Хотя прошло уже много лет, с тех пор как он был счетоводом семьи Тайвишей, Великий логофет отлично знал о финансовом положении своего патрона, а также о расточительности в делах, что всегда была присуща его брату, так отчаянно желавшему получить и свою толику славы и признания.
– А вот тут я позволю себе сохранить небольшую интригу, – с улыбкой проговорил столичный эпарх. – Скажу лишь, что мнение одних не стоило ничего, другим был нужен лишь небольшой знак внимания, а третьи бессовестно обогащались, но, к счастью, не только за наш счет. Но заверяю тебя, что все, чем я пожертвовал, пошло на благо моей семьи и моего племянника, а посему я не жалею ни о чем.
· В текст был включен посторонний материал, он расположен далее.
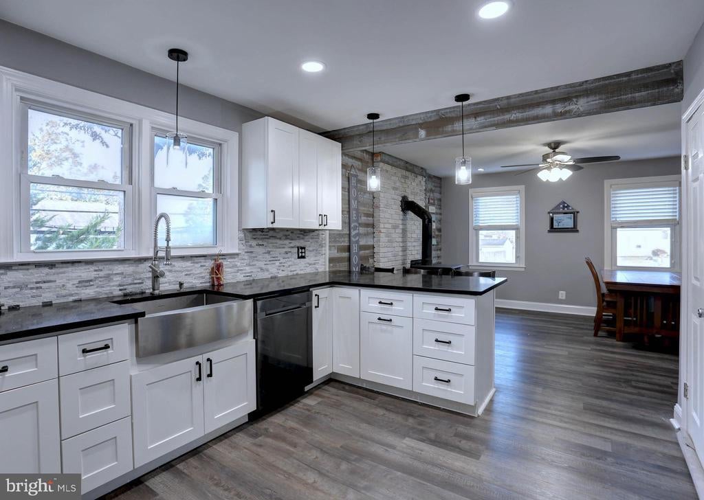 Welcome to this stunning, completely updated and renovated 4 Bedroom, 2 Bath Cape Cod, perfectly blending classic charm with modern living. Step inside to an inviting open concept floor plan featuring beautiful new LVP flooring that flows seamlessly throughout the main level. The heart of the home is the brand new kitchen, a chef's delight boasting sleek finishes and a large peninsula counter with convenient seating—perfect for casual dining and entertaining. The spacious living/dining room combo is anchored by a cozy wood stove, creating a warm and inviting ambiance for gatherings. Both bathrooms have been newly renovated with contemporary fixtures and finishes. The space and possibilities continue in the finished lower level, which features a large family room area, ideal for movie nights or recreation. It also includes a dedicated large office space, making working from home a breeze, and a functional kitchen/bar area for effortless entertaining. A full second bath completes the basement level. Upstairs, you'll find a large open area that offers flexible use—maybe reading nook, play space, or secondary office—along with the fourth bedroom. Set on a large lot, the exterior is just as appealing, offering plenty of outdoor space and a charming covered side porch for relaxing. A convenient walk-out basement provides easy access to the backyard. This move-in ready home is a must-see!

И ты не должен.
Джаромо лишь улыбнулся, не выдавая охватившей его обеспокоенности.
Правда была в том, что война опустошила закрома Тайвишей почти до самого донышка. Два года им и роду Туэдишей приходилось вкладывать практически только свои деньги на завоевание северных земель, покупая продовольствие и амуницию, выплачивая жалование и строя дороги и крепости. Каждая новая сажень земли, что стала теперь тайларской, была оплачена именно из их сундуков и даже принадлежавшие Тайвишам барладские серебряные копи и железорудные шахты, с великим трудом покрывали непомерные расходы, свалившиеся на семью после предательства Синклита.
Если Джаромо все посчитал верно, а в таких вещах он никогда не ошибался, Тайвиши были не так далеко от разорения. Но одновременно они были ещё и в шаге от величия и поистине сказочных богатств. Ведь прямо сейчас в столицу возвращались войска с огромной добычей и десятками тысяч рабов, а покорённая ими страна, в которую Тайвиши собирались глубоко запустить свои коготки, обещала стать новым и весьма щедрым источником их богатства.
Но младший брат Шето, хоть и был эпархом Кадифа и ближайшим соратником Первого старейшины, играл не столь значительную роль в предстоящих событиях, а посему Джаромо поспешил увести тему разговора в иную сторону.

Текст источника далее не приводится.